Stortingen en onttrekkingen
Een belastingplichtige zal voor het tegenbewijs al zijn bankrekeningen moet doorlopen om aan te geven wat zijn onttrekkingen en stortingen zijn. Dat zijn o.a. al zijn inkomsten en privé-uitgaven. Voor bankrekeningen die worden gebruikt voor inkomsten en uitgaven van beleggingen is dat begrijpelijk. Maar een bankrekening waarop uitsluitend het salaris en privé-uitgaven worden geboekt is dat niet. Het lijkt mij praktisch dergelijke bankrekeningen uit te sluiten. Hierover zou in een AMVB nadere regels kunnen worden gegeven. Overigens kan ook dan de bepaling van stortingen en onttrekkingen een ingewikkelde zaak worden, zeker wanneer het een bankrekening in een vreemde valuta is.
Vermogensaanwas belast
Artikel 5.26, lid 2, letter b, is conform het oordeel dienaangaande van de Hoge Raad in het arrest van 20 december 2024. Wat dat betreft valt hierover weinig op te merken. Toch wil ik dat doen mede omdat op het oordeel van de Hoge Raad nogal wat kritiek is gekomen.
Ik vind het begrijpelijk dat de Hoge Raad de vermogensaanwas als basis heeft genomen voor de vaststelling van het werkelijk rendement. Het gaat hier niet om de bepaling van het belastbaar inkomen, maar om de bepaling van een op rechtsherstel gerichte compensatie. Wanneer daarbij waardemutaties pas in aanmerking worden genomen nadat deze gerealiseerd zijn, zou een onevenwichtig systeem ontstaan doordat de waardemutaties schoksgewijze (namelijk pas bij verkoop) in aanmerking worden genomen terwijl het forfait dat juist niet doet. Daar komt nog bij dat met betrekking tot courante beursaandelen er – ook in het systeem van box 3 vanaf 2028 – verschillende redenen zijn uit te gaan van een vermogensaanwas als basis voor de berekening van het belastbaar inkomen. Ik noem een aantal redenen.
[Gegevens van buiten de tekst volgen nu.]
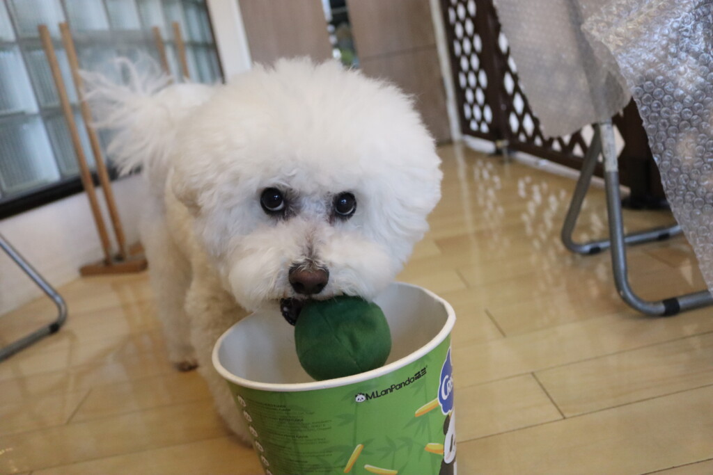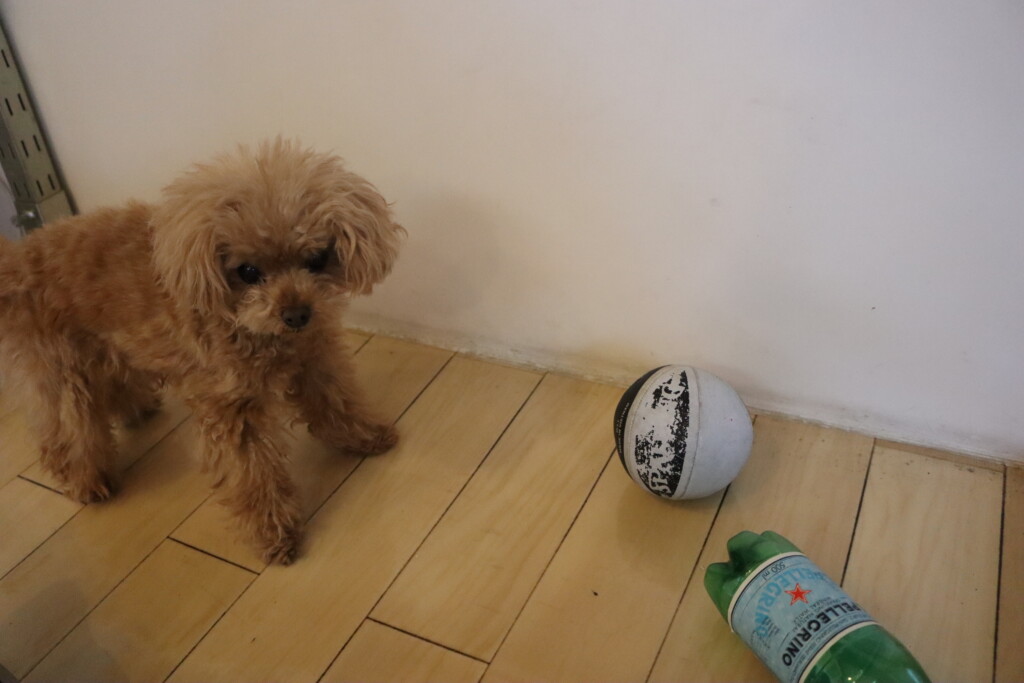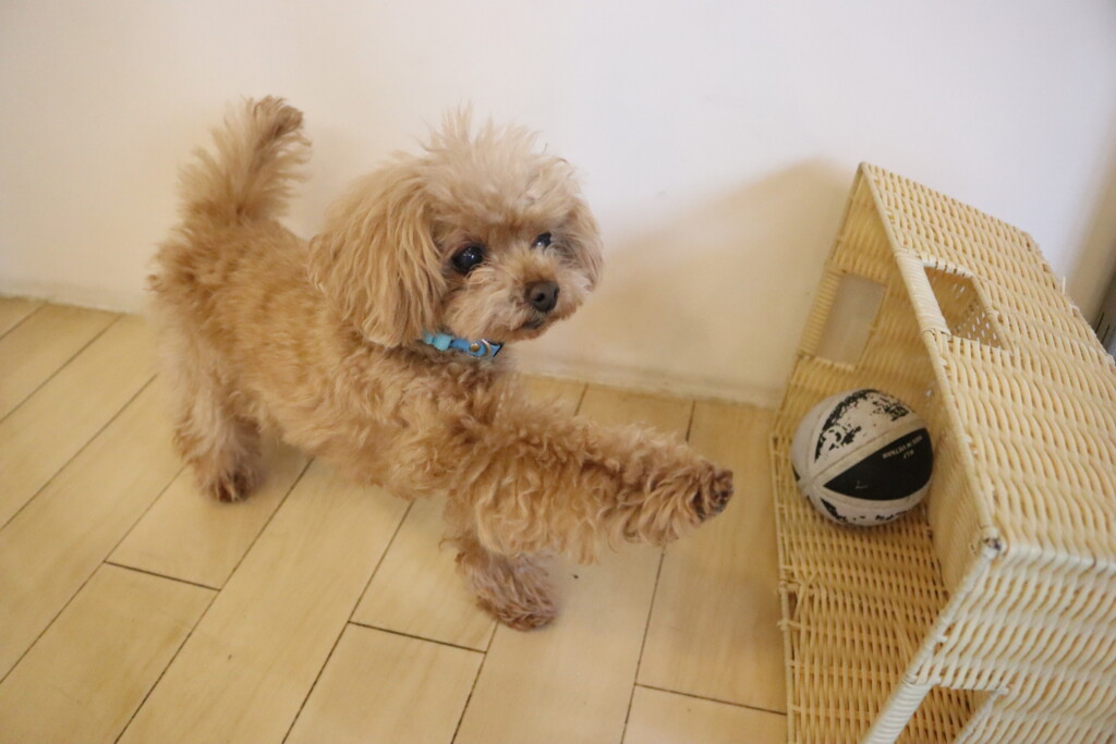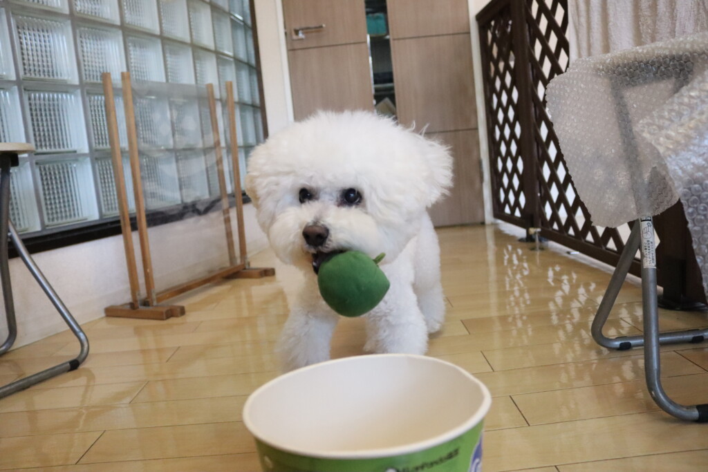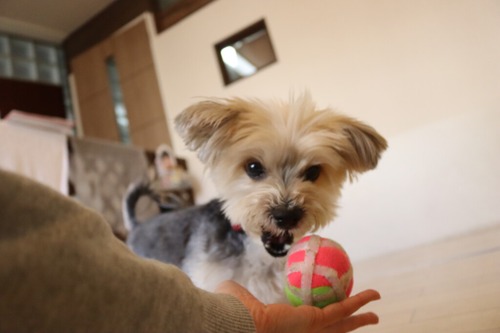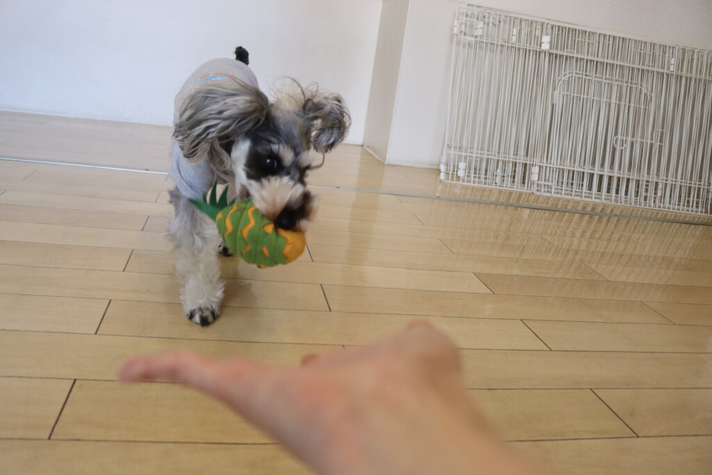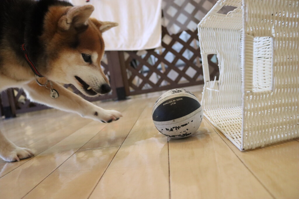 むぎくんはダーツのボールを使いレトリーブ練習もしています!
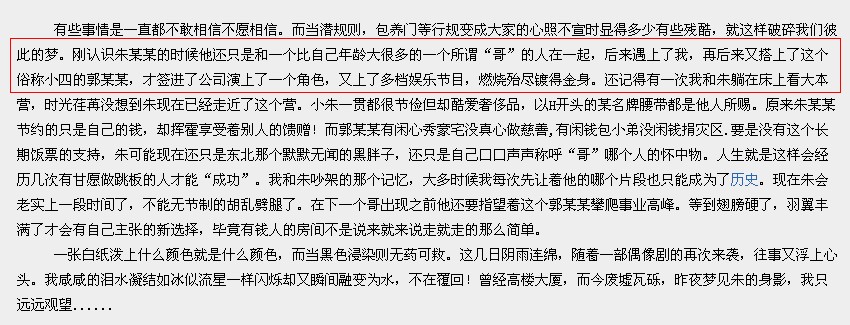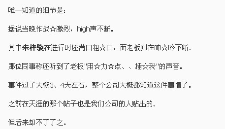 联想到那个员工爆尿贴里面,还说到某同事当场撞到郭敬明跟朱梓骁在酒店OOXX的细节。卦总彻底凌乱了。
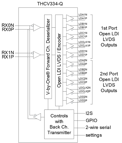 THCV334-QはV-by-One® HS/V-by-One® HSⅡ信号をOpen-LDI(LVDS)信号へ変換するレシーバICです。
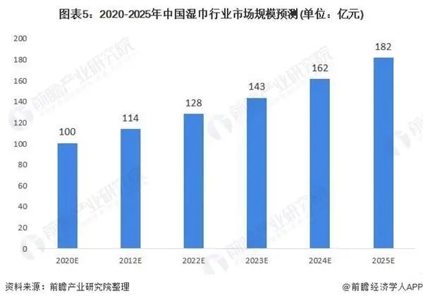 另一方面,2019年底全國疫情的爆發(fā)極大地刺激了濕巾的消費需求。2020年1-5月,阿里濕巾線上銷售額均在1億元左右,2020年4月銷售額更是高達1.32億元,2020年2月環(huán)比增速達到113.63%。此次“新冠疫情”較2003年非典更加嚴重,進一步激化了國人對衛(wèi)生健康的關注。同時,隨著我國經濟積極向好,居民消費能力及意愿不斷提升,企業(yè)不斷探索制造多元化的濕巾,后疫情時代我國濕巾行業(yè)發(fā)展前景更為明朗,預計2025年市場規(guī)模有望達到182億元。

In de eerste plaats zal vaak niet te achterhalen zijn wat de kostprijs van de verkochte effecten is. Dat kan komen doordat de aankoop lang geleden heeft plaats gevonden, maar ook omdat de verkochte effectenpositie geleidelijk is opgebouwd en niet de gehele positie wordt verkocht. Welke kostprijs moet dan in aanmerking worden genomen? Voor de uitvoering is ook nog van belang dat de banken hoogstwaarschijnlijk de vermogenswinst niet kunnen produceren, terwijl zij dat wel kunnen met de vermogensmutatie van een bepaald jaar.
Een andere reden waarom het systeem van de vermogensaanwas als basis te verkiezen is boven de vermogenswinst is dat de effecten op ieder moment zonder noemenswaardige kosten liquide zijn te maken. Daardoor wordt een vermogensaanwas2 al als winst ervaren. Hierbij speelt ook nog een rol dat de effectenbranche zeer gecompliceerd is met allerlei vormen van derivaten waarbij koersrisico’s op ieder moment kunnen worden afgedekt. Bovendien voorkomt de heffing van de vermogensaanwas een ongelijke behandeling tussen beleggers die veel in hun portefeuille muteren en beleggers die dat niet doen, bijvoorbeeld omdat zij in een beleggingsfonds beleggen.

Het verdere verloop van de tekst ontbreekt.